株式非公開化の実施など、「エンド・トゥ・エンドでエンタープライズソリューションを提供する企業」を目指して大きく舵を切ったデル。そのデルで、エンドユーザーコンピューティング(EUC)事業部が現在力を入れているのが、ワークステーション領域だ。3月初旬、デルはワークステーション領域で初めてのプレスイベントを本拠地テキサス州オースティンで開催し、その戦略を明らかにした。
ワークステーション市場で“逆襲”を図るデル
デルがワークステーション市場に参入したのは17年前のこと。以来、「ワークステーションの世界に標準化を」という指針の下、「Precision」ブランドを冠した製品を展開してきた。2001年には初のノート型ワークステーションを、2005年には初のデュアルコア機種を、2008年にはラック型を投入するなど市場を常にリードし、長年にわたって市場シェアも首位の座を維持していた。だが、ここ数年は競合のヒューレット・パッカード(HP)にその座を譲り、2位に甘んじている状況だ。
エンタープライズソリューションをエンド・トゥ・エンドで提供する企業への“変革”をアピールするデルだが、ワークステーション事業もその例外ではない。Precisionワークステーション担当の製品マーケティングディレクター、パット・カンナー(Pat Kannar)氏は、「デルの変革に合わせて、ワークステーションも変革する」と強い決意を語る。
デルではこの9カ月間に10機種のワークステーションを発表した。中でも軽量・薄型ノート「Precision M2800」、小型デスクトップ「Precision T1700」の2機種は、ワークステーション市場の「新カテゴリを切り開いた」と、カンナー氏は満足顔だ。発売後の経過も順調だという。
これらが奏功してか、2013年第4四半期は主要ベンダー中、デルだけが前年同期比でプラス成長となった。「2013年のワークステーション市場の平均成長率は4%。デルの成長率はそれを上回り、シェアも3ポイント増やしている」(カンナー氏)。
「他社より最大18%高性能」のカギを握る独自技術
Precisionワークステーション事業部 ゼネラルマネージャを務めるアンディ・ローズ(Andy Rhodes)氏は、デルのワークステーション戦略の柱は「最高のプラットフォームを届けること」だと力説する。“最高のプラットフォーム”とは、ソフト/ハードの両面ですばらしい体験を提供し、エンジニアやデザイナーがストレスなくスムーズに作業できる環境を指している。ローズ氏は、顧客が必要とするアプリやソフトを安心して動かせるように、デルではISV(ソフトウェアベンダー)認定と性能向上に注力しており、世界10カ所のデザインセンターで5000万ドル規模を投じて開発を進めていると説明した。
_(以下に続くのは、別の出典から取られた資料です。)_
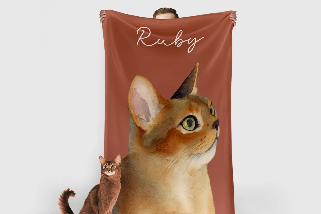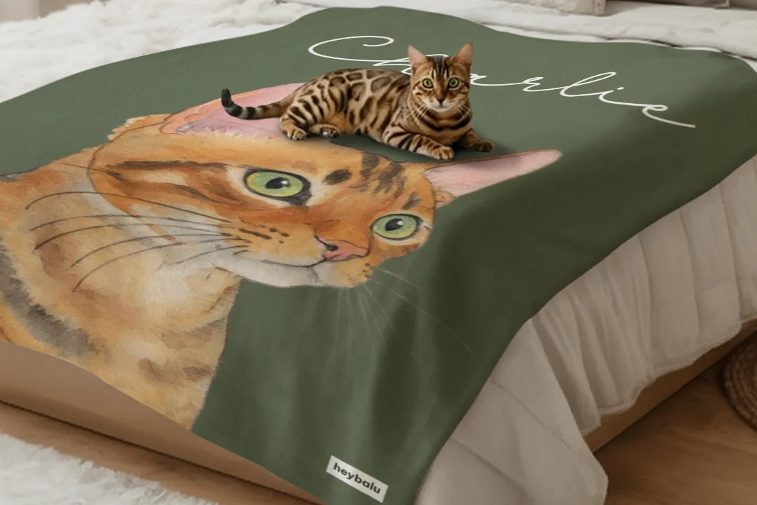 Chaque couverture est imprimée avec le portrait unique de votre compagnon. Les détails de son pelage et de son expression sont soigneusement reproduits pour créer une véritable petite œuvre d’art. Parfaite pour les moments cocooning, comme touche déco ou comme cadeau plein d’attention pour toute personne qui aime son chat.

ワークステーションは主に、メディア/エンターテインメント、製造、金融などの業界で、高速な3Dレンダリング、シミュレーション、各種解析などを目的に利用されている。当然、そこには高い性能が求められる。デルでは、最新のCPUやGPU、ストレージ、メモリによる高速化技術を製品に組み込んで要件に応じる一方で、電力効率の改善や、熱シミュレーションによる効率的な冷却/静音技術の開発も進めている。
「こうした努力の結果、デルのワークステーションは同一のCPUを搭載した他社製品と比べて性能が18%優れている。GPUでは11%の性能改善を実現した」(デル パフォーマンス担当シニア・エンジニア アレックス・ショウズ[Alex Shows]氏)
性能向上の大きな鍵を握るのが、独自技術を備えたツール「Dell Precision Performance Optimizer(DPPO)」である。これは「自動性能最適化」「システムメンテナンス」「追跡とレポート」という3つの機能を持ち、利用するアプリケーションに合わせて自動的にソフトとハードの調整を行う(アドビやオートデスクなどの、利用されるケースが多いアプリについてはプリセット設定もある)。ショウズ氏によると、DPPOを使うことで57%も性能が改善するアプリもあるという。
もう1つ、ショウズ氏が紹介した性能改善技術が「Intel CAS-W(Intel Cache Acceleration Software-Workstation)」である。これは、インテルの開発者との協業により開発された、ワークステーション向けソフトのキャッシュアクセラレーション最適化技術である。独自のデータキャッシュポリシーに基づき、一元的ではなく特定のデータに対してアクセラレーションを適用することで、ストレージ性能を大きく改善する効果があるという。DPPOとCAS-Wはともに2013年から提供されており、デルでしか手に入らない技術だ。